Ketika sampai di lantai tiga, Gibran tak sengaja melihat Rasya tengah berdiri di lorong rumah sakit. Pria itu bergerak menghampiri sahabatnya. Terlihat dari wajah dokter umum itu, Rasya tampak gusar. Seperti tengah menantikan seseorang.
"Sya. Elo lagi nungguin siapa?"
Gibran mencoba bertanya. Namun, keanehan itu terjadi kembali. Rasya tiba-tiba menatapnya dengan raut wajah ketakutan.
"Sya! Elo kenapa, sih? Lihat gue kayak ketakutan gitu?" Gibran mencoba melambai-lambaikan tangan di depan wajah Rasya, tetapi dokter umum itu justru menjauh. Seolah-olah menghindari Gibran.
Rasya tak mengindahkan kebingungan yang terpancar dari wajah sahabatnya. Ia justru melambaikan tangan pada seseorang di belakang Gibran.
"Lara!"
Detak jantung Gibran seakan terhenti, saat Rasya menyebut nama kekasihnya.
"La-Lara ...?" Gibran pun menoleh. Membalikkan badan, dan matanya benar-benar terbelalak ketika mendapati gadis yang sangat mirip dengan wajah kekasihnya.
Seorang gadis dengan celana jeans panjang dan blouse bermotif bunga tulip berwarna biru muda itu tengah berlari ke arahnya. Gadis yang sudah membuat hidup Gibran hampir gila karena kehilangan. Gadis yang benar-benar ia cintai kini benar kembali.
Lara datang, mungkin untuk menyongsong hidup baru bersama Gibran. Wajah gadis itu terlihat cantik dan segar. Dengan rambut hitam lurus yang dibiarkan tergerai indah, membuat Gibran tak kuasa membendung rasa rindu yang sudah lama beradu. Pria itu tersenyum haru. Gibran berharap ini bukanlah mimpi belaka. Ia tidak ingin kehilangan lagi. Cukup sekali, dan itu benar-benar menyakitkan.
"Ay ... ka-kamu masih hidup ...?"
Gibran merentangkan kedua tangan. Bergerak menyambut kedatangan Lara. Saat ia berniat akan memeluk sang kekasih, tiba-tiba saja tubuhnya terasa kaku.

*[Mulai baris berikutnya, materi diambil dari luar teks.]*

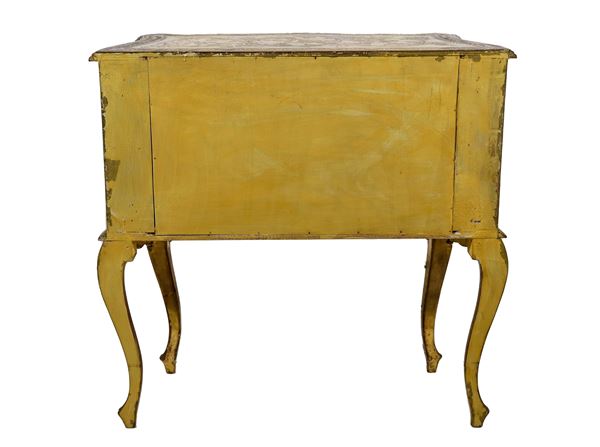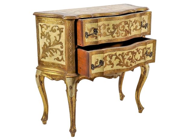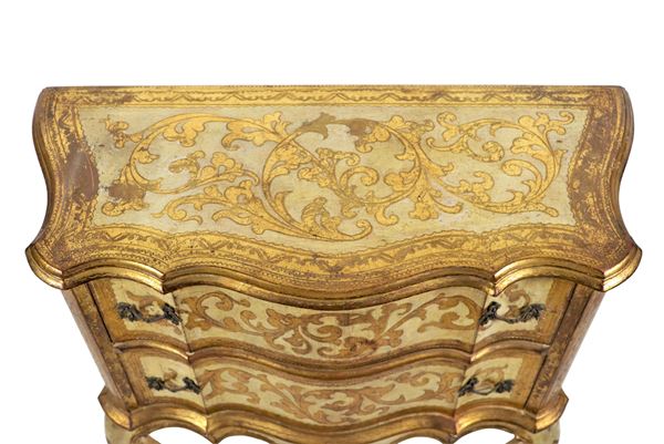Bedside table from the Marche region in gilded and ivory lacquered wood with arched shape

Gibran merasakan sebuah sensasi yang benar-benar luar biasa. Lara tidak berhasil mendarat dalam dekapannya, melainkan, gadis itu berjalan menembus tubuhnya.

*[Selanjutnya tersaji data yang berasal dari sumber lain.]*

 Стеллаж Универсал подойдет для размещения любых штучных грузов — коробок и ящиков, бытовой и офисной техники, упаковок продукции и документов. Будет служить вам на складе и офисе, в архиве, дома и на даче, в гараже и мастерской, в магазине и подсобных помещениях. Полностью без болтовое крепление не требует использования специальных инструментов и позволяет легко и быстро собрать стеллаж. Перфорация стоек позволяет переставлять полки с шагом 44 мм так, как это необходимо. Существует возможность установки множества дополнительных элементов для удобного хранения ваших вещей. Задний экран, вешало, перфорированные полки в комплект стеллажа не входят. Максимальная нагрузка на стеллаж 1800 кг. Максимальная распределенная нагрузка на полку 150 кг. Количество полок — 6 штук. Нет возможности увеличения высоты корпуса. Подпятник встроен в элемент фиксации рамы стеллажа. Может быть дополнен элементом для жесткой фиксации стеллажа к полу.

"Kak, gimana kondisi Gibran?" tanya Lara panik pada Rasya.
Raut wajah pria itu terlihat sedih. Tatapannya murung menatap seorang gadis yang tengah menantikan jawabannya.
"Mending kamu lihat sendiri," ajak Rasya kemudian.
Lara mengikuti langkah Rasya menuju ruangan paling ujung. Berbeda dengan pria berkemeja biru dongker itu. Gibran masih berdiri terpaku di tempatnya. Bahkan tubuhnya terasa lemas seketika seakan tidak memiliki daya. Apa yang baru saja ia alami benar-benar seperti nyata.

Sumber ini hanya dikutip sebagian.